Several students presented outfits they planned to don for graduation, while instructor Jillian Smith – a 2016 St. Hubert graduate herself – offered two of her own works, both vintage-themed evening constructions in black, white and silver tones.
Smith said she and her students were “so grateful to be able to have this event after such a difficult year.”
“Learning how to sew under normal circumstances is not easy,” said Smith. “Learning how to sew during a pandemic was challenging to say the least.”
She noted most of her students “walk into the classroom with no sewing experience,” and begin by learning basic techniques, first assembling pajama pants and eventually dresses. Afterward, Smith directs them to “apply their skills to design (a) whole collection.”
But with classes moved online due to COVID precautions, many students found themselves without access to a sewing machine. Fortunately, a generous grant from the Connelly Foundation offset that obstacle, enabling the school to purchase 61 machines, “one for every single student,” said St. Hubert president Lizanne Pando.
Yet the road to the runway was a long and difficult one, she admitted.
“At the beginning of this year, I never could have imagined that we would be sitting here having this fashion show,” Pando said. “We have all suffered so much; no one has really been spared.”
However, said Smith, “our Bambies rose to the occasion,” even turning tragedy into treasures.
Senior Emily Livewell paired her outfit with a handmade pillow she had made from a housecoat worn by her grandmother, who died from COVID in December.

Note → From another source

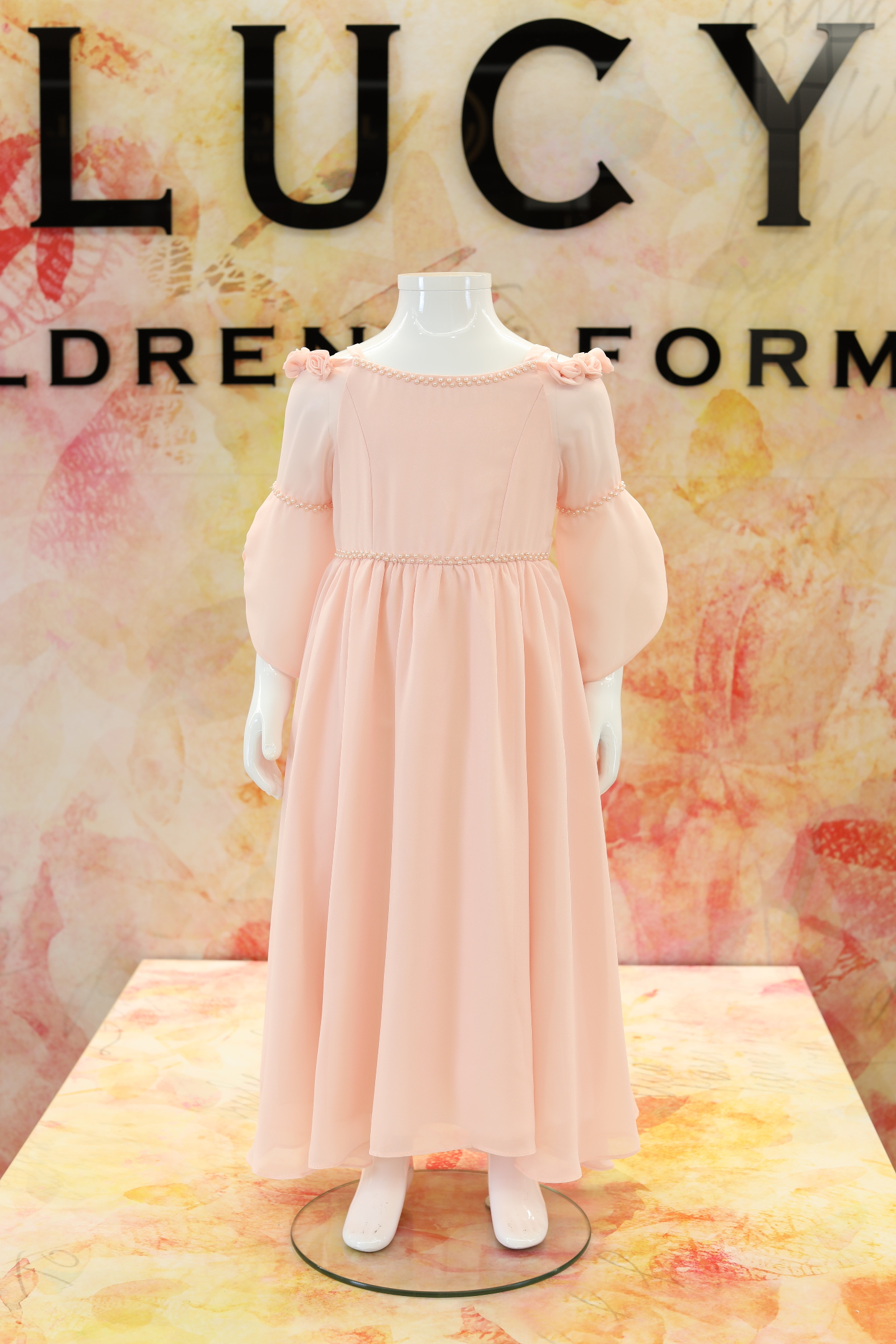 Girls Long Sleeve Peach Flower Girl Bridesmaid Dress - Andrea

The project honored a relationship between the two that was “very close,” said Livewell. “She was a constant in my life.”
The event’s master of ceremonies, acclaimed broadcaster and St. Hubert board member Pat Ciarrocchi, said such “grace is the font of creativity.”

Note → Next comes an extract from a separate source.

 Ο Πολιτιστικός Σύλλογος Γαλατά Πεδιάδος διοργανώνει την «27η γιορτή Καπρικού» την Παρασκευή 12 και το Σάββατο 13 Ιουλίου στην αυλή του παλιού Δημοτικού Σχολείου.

“When you have something that you need to express, that gift is something from God, from the divine,” she said. “It needs to go through you so that it becomes a creative expression that gets shared … and it’s in that sharing (our gifts) also multiply.”
That multiplication has continued for generations at St. Hubert, where textile instruction has been in place since the school’s establishment in 1941. The tradition looks set to continue for decades: alumna and retired St. Hubert educator Mary Green, who taught Smith, was on hand for the fashion show with two-year-old granddaughter Emma Grace, described as a future Bambie and already a “champion sock matcher” who knows her thread counts and shades.
Ciarrocchi said St. Hubert’s “shows how important Catholic, single-sex education is to inspire girls to focus on who they are, and what their God-given gifts are,” ultimately allowing them to “leap into their womanhood with a sense of confidence.”
Throughout the pandemic, the Bambies – whose seniors amassed more than $23 million in college scholarships this year — “proved they were leaders of faith and integrity,” said Pando, adding, “I learned a lot from these girls this year.”